— Хорош все же русский табак, — сказал он. — Настоящий табачный дух и крепость в нем.
— Однако русского табака осталось совсем мало, — сказал Тымнэро. — Нынче совсем не было русского товара — все американское. И табака в жестяных банках — полно. Вон, гляди!
Тымнэро подал плоскую жестяную баночку американского табака.

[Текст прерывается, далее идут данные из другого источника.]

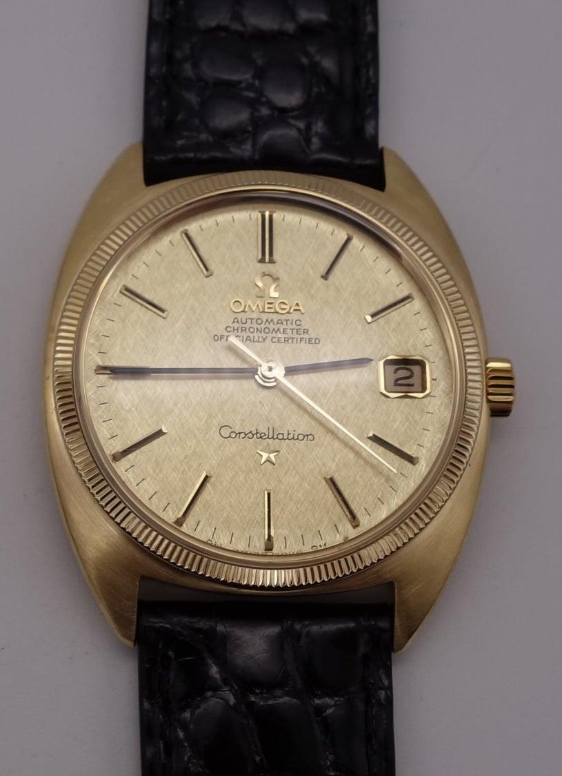 "Truly an exceptional beautiful beast you got there! It's a full gold version which you guesses right, it got cal 1021. It came around 1972, early 70s if I recall, designed for Omega by Gerald Genta. Finding one is rare enough. And seems that yours "suffered" an over polished case which the satin finish is almost gone I think.... You could give it to a watchmaker nearby you to make it how it should be. Supposed to be he flagship of Omega at the time given by its first high frequency calibre that runs at rate 28800 bph or 4Hz, which in its time was regarded as the fast beat calibre. And its movement is pretty thin too, around 3-4 mm in height, including the oscillating weight which is pretty cool to have. But I still don't know why most collectors does not consider these hidden jewels from Omega. The problem is the thin movement. It's thin enough, that some times the reverser wheel would break easily. And yeah, finishing wise... It's not as stunning as the three digits calibres. And sadly for manufacturing sake, the finishing are left behind for its effectiveness during manufacturing process. Don't worry it's still got a very nice finishing but not as elaborate as the three digit calibres, which is why most collectors have less regard. Pretty sad because this one deserves more attention, as without this, Omega would've never been as it is today.... It is supposed to be a historical piece. It opened up the opportunity of Omega to do some futuristic approach in watchmaking, with it's first and the last in-house high frequency Omega calibres. I would say congratulation to you and your piece. What you got there is an historically important piece for omega, a hidden jewel that went under the radar for the most of the connoisseurs."
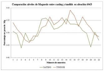 Figura 3. Comparación niveles de Mg entre casting y tundish.

— И сахар тоже американский, — продолжал Тымнэро. — С виду такой же, но слабый на зуб и тает быстро.
Мужчины покурили, потом плотно поели, ловко орудуя ножами, и так очистили кости, что собакам осталось только разгрызть их.
За чаепитием пошел разговор.
— Армагиргин хочет знать, что же случилось с тангитанами, — сказал Теневиль. — В душе не верит, что скинули Солнечного владыку.
— Говорят такое, — кивнул Тымнэро. — Куркутский рассказывал, ссорятся тангитаны, особенно когда начинают заседать.
— А случилась ли какая перемена в самой жизни? — спросил Теневиль.
— Да все осталось как было! — сердито ответил Тымнэро. — Своими глазами не видишь!
Теневиль помолчал: действительно, что тут спрашивать, когда и так видно — перемен в яранге Тымнэро нет.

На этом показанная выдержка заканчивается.